Sam Brockington Lab, Dept. of Plant Sciences, University of Cambridge
I am interested in content mining to aid efficient synthesis of data and knowledge from the academic literature. Evolutionary biology spans thousands of journals leaving relevant content scattered in unstructured, heterogeneous ways. Extracting the bigger picture from the morass of academic literature is my goal.
There are over 114 million scholarly documents available on the web, with millions more being added every year at an ever increasing rate. They are unhelpfully scattered across tens of thousands of journals and no-one has access to them all. For my PhD I grappled with the use of fossils in phylogeny. I found the state of data availability in my field to be poor and there were many different interesting barriers to effective re-use of data.
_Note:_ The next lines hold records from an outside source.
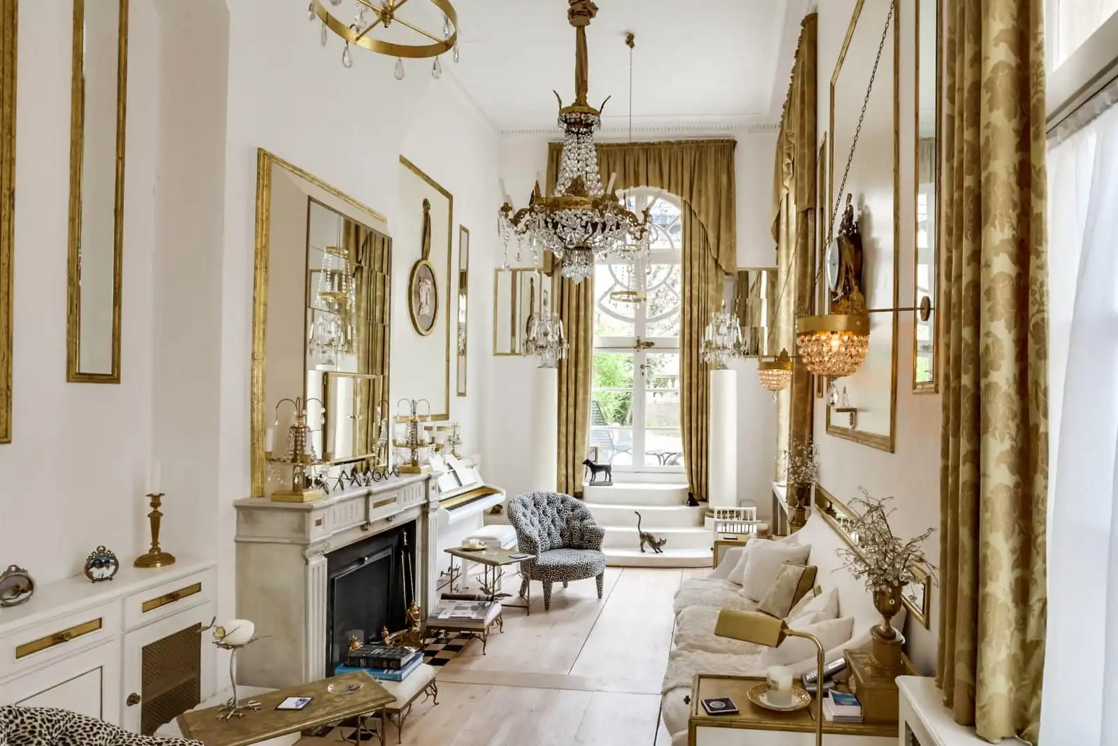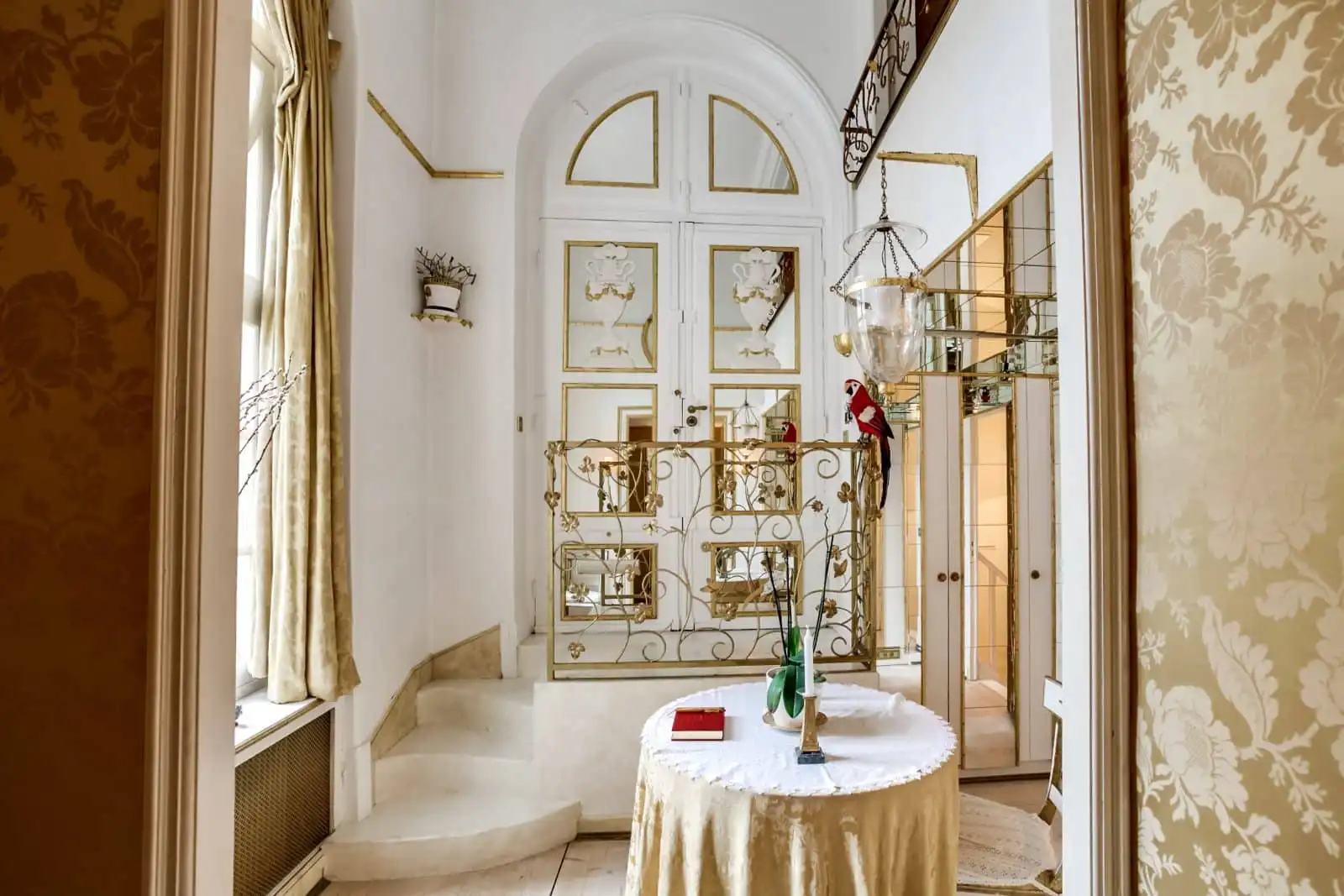 Upon entering the building huge glass doors leading out to the garden dominate the view.  The property itself is a contradiction in terms, being both a bijou residence and yet lavishly appointed in the style of a grand Parisian home. Exceptionally high ceilings and a multitude of magnificent high windows bring light and grandeur.  Mirrored and gold leafed surfaces add to the sense of luxury and space.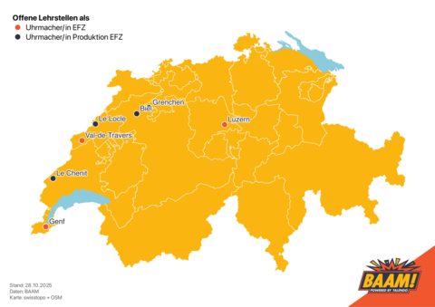 Bei manchen Regionen ist es klar, wofür sie stehen. Lehrstellen für Uhrmacher/innen findet man (fast) nur im Uhren-Valley der Schweiz, also entlang des Juras in den Kantonen Bern, Neuenburg und in der Waadt. Wer in der Uhrenbranche arbeiten will, muss hierher.
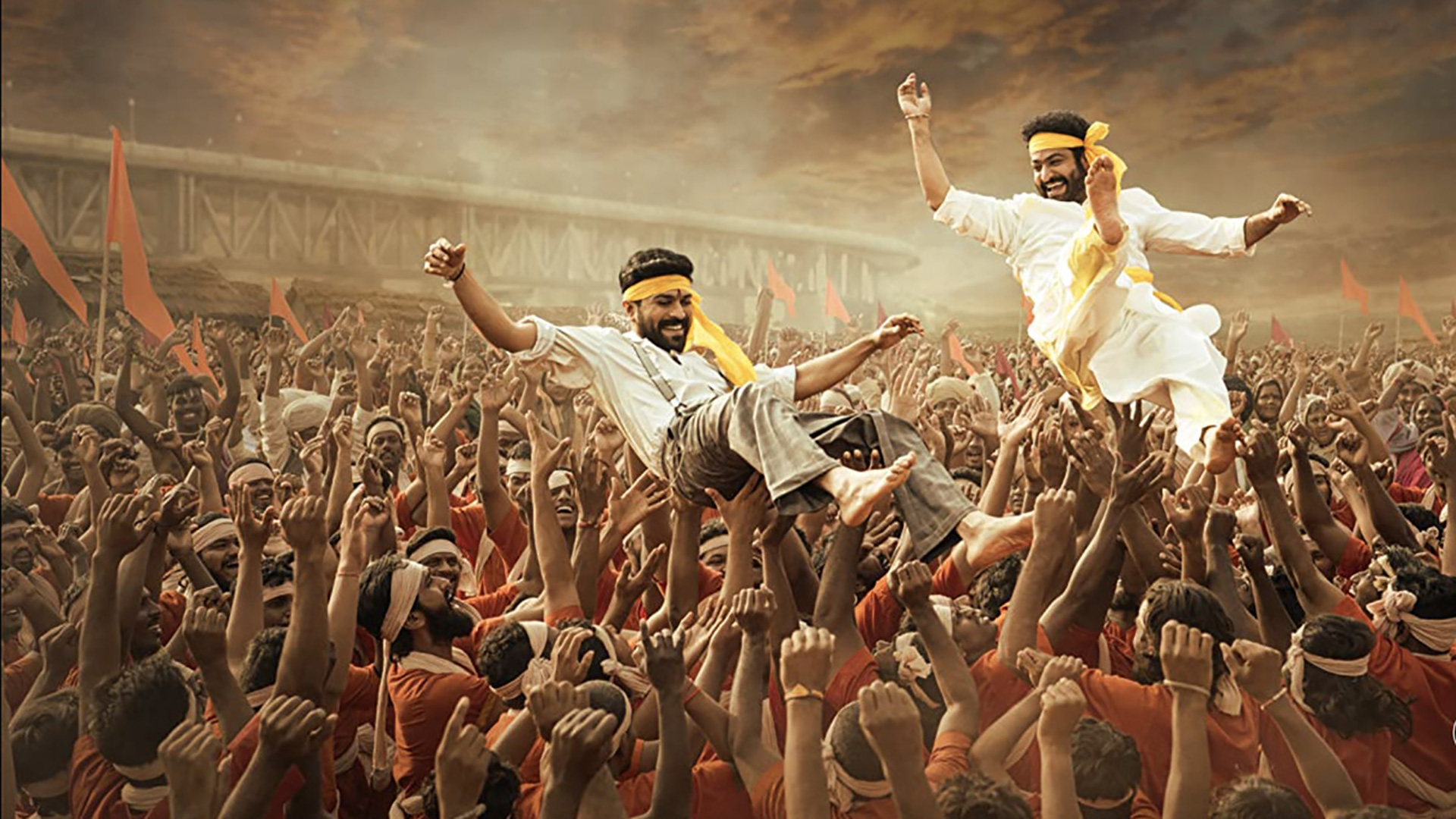 And why shouldn’t Bheem (N.T. Rama Rao Jr.) and Ram (Ram Charan Teja) become Gods? These are two men who would laugh in the face of danger if they weren’t so gosh darn serious every time danger rears its head (it’s often, very often). The former is his peaceful village’s champion, sent to Delhi to rescue a young girl the governor “bought” by any means necessary. The latter is an ambitious royal officer in the governor’s army looking for a promotion by single-handedly jumping into a violent gang of Indian civilians to arrest someone who dared to throw a rock, earning a couple concussions for his trouble. They were rendered as Gods well before the plot (and music lyrics) caught up. Gods, patriots, lovers, and friends-to-the-end. Who better to start an explosive revolution?

I spent a truly incredible amount of time scraping data out of PDFs and emailing authors (mostly unsuccessfully) for data.
This set me on a path to explore more efficient methods of information retrieval, extraction and re-use from published academic content. In my research I have explored how information in certain journals, beyond the title and abstract, is nearly invisible to all, even Google Scholar. I have also helped an international collaboration assess the state of public data sharing in phylogenetics; we found that less than 4% of phylogenetic studies published in 2010 publicly archived machine-readable data. I also work to make the processes and platforms of scientific publishing more re-use friendly too with the journal Research Ideas and Outcomes. I blog regularly about my research and barriers to research where you can read in more detail about what I'm doing right now.